Lithium Extends Anti-Depressant Effects of Ketamine in Mice
While it can sometimes take weeks for the effects of antidepressant treatments to appear, intravenous ketamine can produce antidepressant effects in as little as two hours. However, ketamine’s effects fade after three to five days. New animal research by Chi-Tso Chiu et al. explores whether adding lithium to ketamine treatment can produce more sustained antidepressant effects.
Mice who are restrained by being placed in a tube for several hours (chronic restraint stress) exhibit a behavioral and neurochemical profile that resembles human depression. When Chiu and colleagues pretreated these stressed mice with sub-therapeutic doses of lithium (600 mg/L) in their drinking water for several weeks, a sub-therapeutic dose of ketamine (2.5 mg/kg of body weight) was enough to produce robust antidepressant effects in the mice, while neither drug alone was effective at these doses.
The combination of ketamine and lithium also restored the density of spines on the dendrites of neurons in the medial prefrontal cortex. Post-treatment with lithium (1200 mg/L) for several weeks was also successful in extending the effects of a single (50 mg/kg) ketamine injection.
Both lithium and ketamine affect the intracellular signaling pathway mTOR. Ketamine activates the pathway, increasing levels of synaptic proteins and dendritic spine density. It also increases brain-derived neurotrophic factor (BDNF) and the BDNF receptor TrkB. BDNF is important for learning and memory.
When lithium was added to the treatment of the mice with ketamine, the mTOR and BNDF pathways were further activated.
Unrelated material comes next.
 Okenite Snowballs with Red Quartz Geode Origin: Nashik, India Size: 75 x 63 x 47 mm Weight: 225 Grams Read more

Lithium also inhibits the receptor GSK-3, supporting ketamine’s rapid-acting antidepressant effects.
Ketamine treatment can produce oxidative stress, in which toxic free radicals can endanger cells, and the addition of low doses of lithium also completely prevented this neurochemical side effect.
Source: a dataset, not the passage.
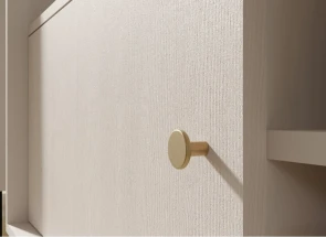 Vyrobená je z kvalitnej laminovanej DTD, doplnená o kovové nohy a kovové úchytky, ktoré nábytku dodávajú stabilitu, ľahkosť a moderný vzhľad. Piesková farba korpusu v kombinácii so zlatými úchytkami a čiernymi kovovými nohami vytvára harmonický, elegantný kontrast, ktorý krásne vynikne v každom svetlom a vzdušnom interiéri.

Chiu and colleagues hope that the findings of this study in mice can eventually be applied to research in humans in the hopes of finding a clinical option that would sustain the rapid-onset antidepressant effects of ketamine for the long term.
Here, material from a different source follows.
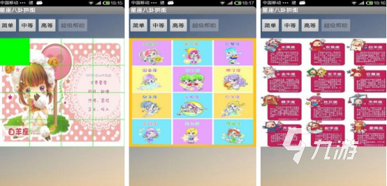 不管是想要占卜還是了解星座八卦的內(nèi)容,都可通過這款拼圖游戲做到,因為它相對于普通的拼圖游戲來說,擁有更多的玩法,還能借助星座這方面的話題,讓玩家了解與八卦星座有關的各種常識。最開始的時候可選擇簡單一點的拼圖,慢慢的可選擇中等或者是高等,會對不同星座的性格以及運勢進行相應的顯示。

In Mice, Autism-Like Behavior Connected to Problems Pruning Dendritic Spines
Autism spectrum disorders are associated with developmental abnormalities at excitatory synapses. Dendrites, the branched projections of neurons where electrical signals are passed from one cell to the next, are covered in hundreds to thousands of spines that facilitate the synaptic connections with other neurons. These spines are created and also pruned as part of normal learning and development.
Post-mortem examination of the brains of patients with autism spectrum disorders shows increased density of dendritic spines and less pruning in certain neurons in the temporal lobe. These examinations also show impaired mTOR autophagy. MTOR is a protein that plays a role in cell growth and survival. Autophagy is the normal process by which some components of cells are broken down.
A 2014 study by Guomei Tang et al. in the journal Neuron showed that mice that are genetically altered to have overactive mTOR also have reduced dendritic spine pruning, blockade of autophagy, and increased autism-like behaviors. An immunosuppressant drug called rapamycin inhibits mTOR, and treating the mice with this drug corrected the problems with spine pruning and the autism-like behaviors. (This was not true for mice who had been altered to have another type of autophagy.) Normal spine formation was not affected by the restored pruning ability.
Tang et al. concluded that mTOR autophagy plays an important role in dendritic spine pruning, and that restoring neuronal autophagy can correct synaptic abnormalities and restore normative social behavior in mice with hyperactive mTOR.